__Exercise input__

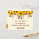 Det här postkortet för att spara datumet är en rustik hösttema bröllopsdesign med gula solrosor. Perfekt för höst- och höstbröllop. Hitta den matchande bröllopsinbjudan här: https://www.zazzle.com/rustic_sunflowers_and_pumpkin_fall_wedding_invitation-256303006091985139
...
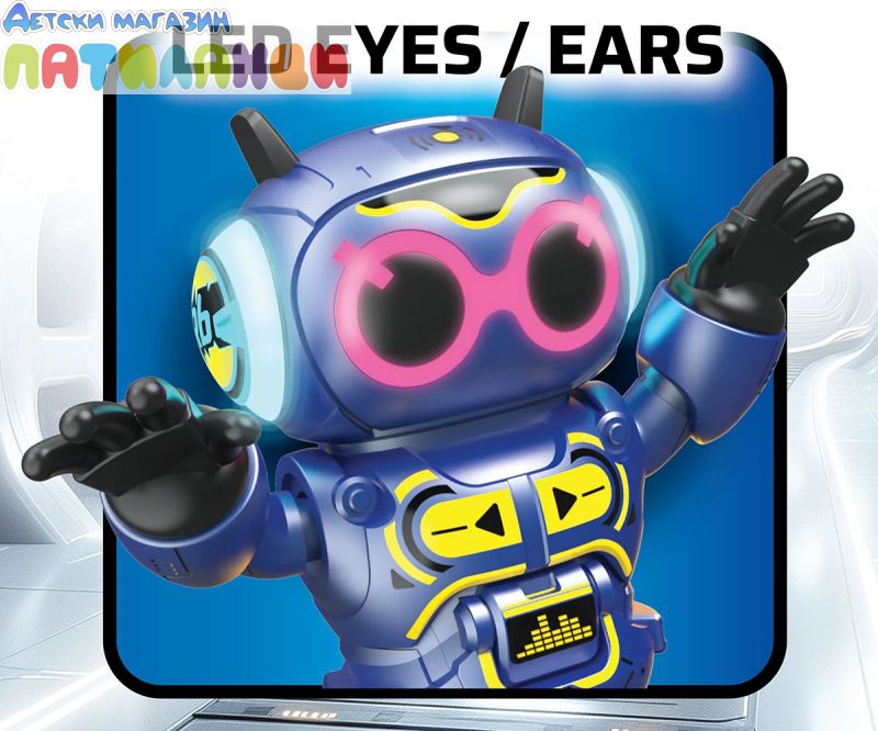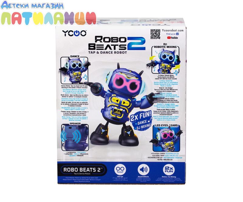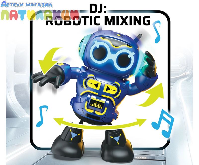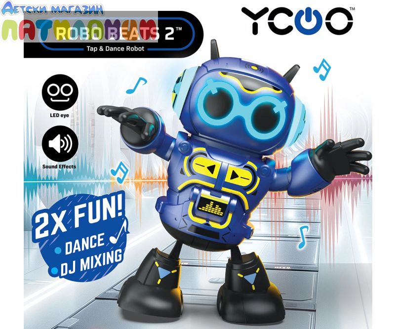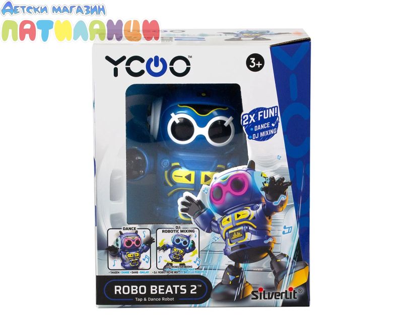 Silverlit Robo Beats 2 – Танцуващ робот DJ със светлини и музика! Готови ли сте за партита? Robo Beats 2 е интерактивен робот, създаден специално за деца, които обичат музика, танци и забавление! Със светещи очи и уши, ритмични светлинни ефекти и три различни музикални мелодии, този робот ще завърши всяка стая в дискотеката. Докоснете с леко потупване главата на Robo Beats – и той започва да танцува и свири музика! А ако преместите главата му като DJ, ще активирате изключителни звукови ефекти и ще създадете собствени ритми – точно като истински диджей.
* * *
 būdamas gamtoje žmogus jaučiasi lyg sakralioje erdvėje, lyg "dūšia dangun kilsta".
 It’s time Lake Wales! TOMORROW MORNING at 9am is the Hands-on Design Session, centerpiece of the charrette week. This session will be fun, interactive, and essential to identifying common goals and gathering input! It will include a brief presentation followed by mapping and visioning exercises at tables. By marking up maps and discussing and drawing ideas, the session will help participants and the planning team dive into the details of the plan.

__The task__
From the records above, quote only the lines running from the line with "būdamas gamtoje žmogus" to the line with "It’s time Lake", both lines included.

__Problem solution__
 būdamas gamtoje žmogus jaučiasi lyg sakralioje erdvėje, lyg "dūšia dangun kilsta".
 It’s time Lake Wales! TOMORROW MORNING at 9am is the Hands-on Design Session, centerpiece of the charrette week. This session will be fun, interactive, and essential to identifying common goals and gathering input! It will include a brief presentation followed by mapping and visioning exercises at tables. By marking up maps and discussing and drawing ideas, the session will help participants and the planning team dive into the details of the plan.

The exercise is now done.